You are viewing an old version of this article. View the current version here.

This year we are again participating in the Google Summer of Code. We, joined with the MariaDB Foundation, believe we are making a better database that remains application compatible with MySQL. We also work on making LGPL connectors (currently C, C++, ODBC, Java, Node.js) and on MariaDB Galera Cluster, which allows you to scale your reads & writes. And we have MariaDB ColumnStore, which is a columnar storage engine, designed to process petabytes of data with real-time response to analytical queries.

Where to Start
List of Tasks
1. MariaDB Server
Suggest a Task

Where to Start

Please join us on Zulip to mingle with the community. You should also subscribe to the developers mailing list (this is the main list where we discuss development - there are also other mailing lists).

To improve your chances of being accepted, it is a good idea to submit a pull request with a bug fix to the server.

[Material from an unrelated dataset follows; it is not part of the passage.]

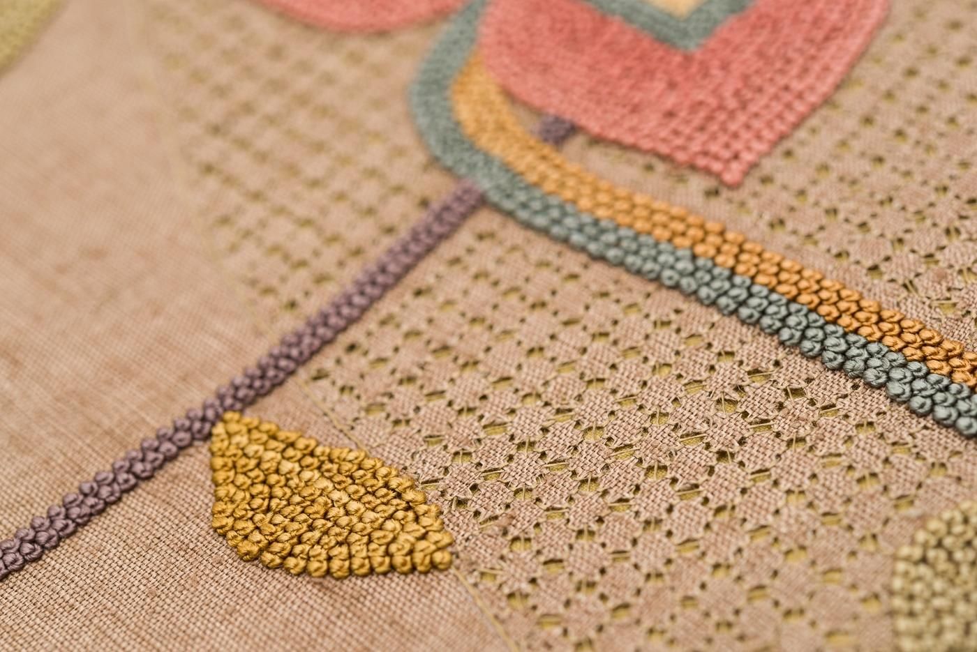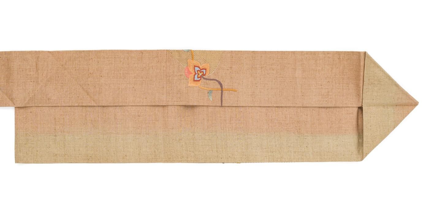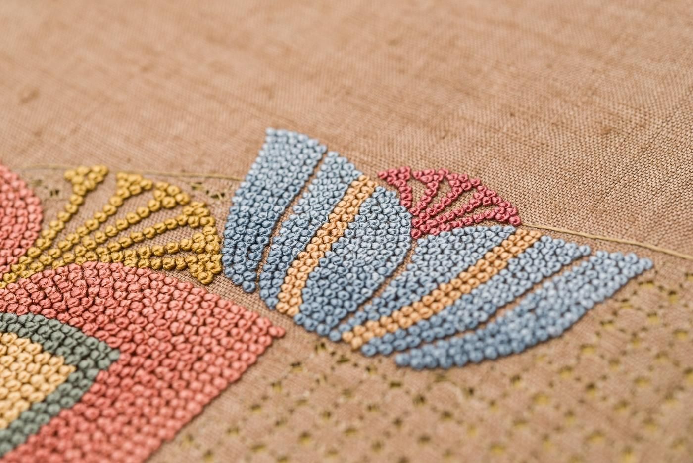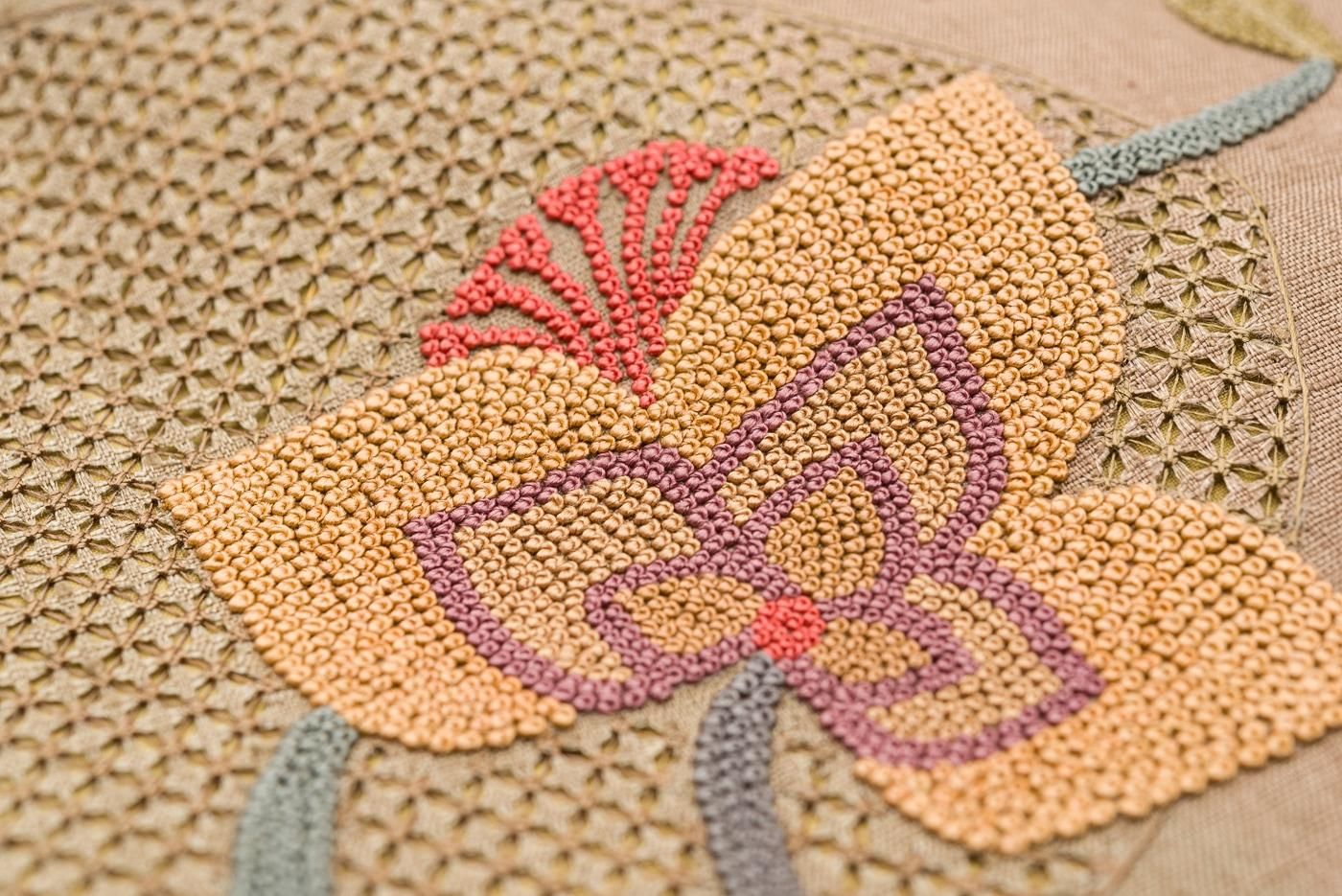 茶ベージュの紬地に花の相良刺繍を施した九寸名古屋帯です。

Also see the List of beginner friendly issues from the MariaDB Issue Tracker.

List of Tasks

MariaDB Server

Implement IVFFlat indexing strategy for MariaDB Vector and evaluate performance

Part-time (175h) or full-time project (350h) - depending on scope MariaDB Vector is coming to MariaDB Server to serve AI Workloads. The current indexing strategy will use HNSW, but IVFFlat is a possible alternative that costs fewer resources to create. Having it as an option is desirable.

MDEV-17398 Spatial (GIS) functions in MariaDB

Part-time (175h) or full-time project (350h) - depending on scope

Our GIS functionality is limitted compared to other DBMSes. Given that MariaDB looks to facilitate migration from MySQL, we should be on par. We have a list of functions that are missing in MariaDB compared to MySQL, as described in https://mariadb.com/kb/en/function-differences-between-mariadb-1010-and-mysql-80/.
Our goal is to have as many of these functions available within MariaDB. Some of the functionality can be ported from MySQL, while others might require implementation from scratch.

Skills needed: Understanding of C++ development. Ability to navigate a large codebase (with help from mentor).
Mentors: Anel Husakovic (primary) / Vicențiu Ciorbaru (secondary)

MDEV-16482 MariaDB Oracle mode misses Synonyms

Full-time project 350h

Synonyms are an important feature, particularly as it helps smooth migration from other databases. While the initial project scope seems straightforward, there are a number of aspects that must be considered:

Grammar extension
Where will the synonyms definitions be stored?
How do synonyms map to the underlying privilege system? Who can create a synonym? Who can access a synonym?
Do we enforce the underlying object to exists before creating a synonym? What if the underlying object gets dropped?
What kind of error messages do we present to the user in various corner cases?
How do synonyms interact with replication (row based vs statement based)
How do synonyms interact with views (and views execution)
How to present synonyms to users (as part of INFORMATION_SCHEMA for instance?)
Performance considerations for multiple connections to the database.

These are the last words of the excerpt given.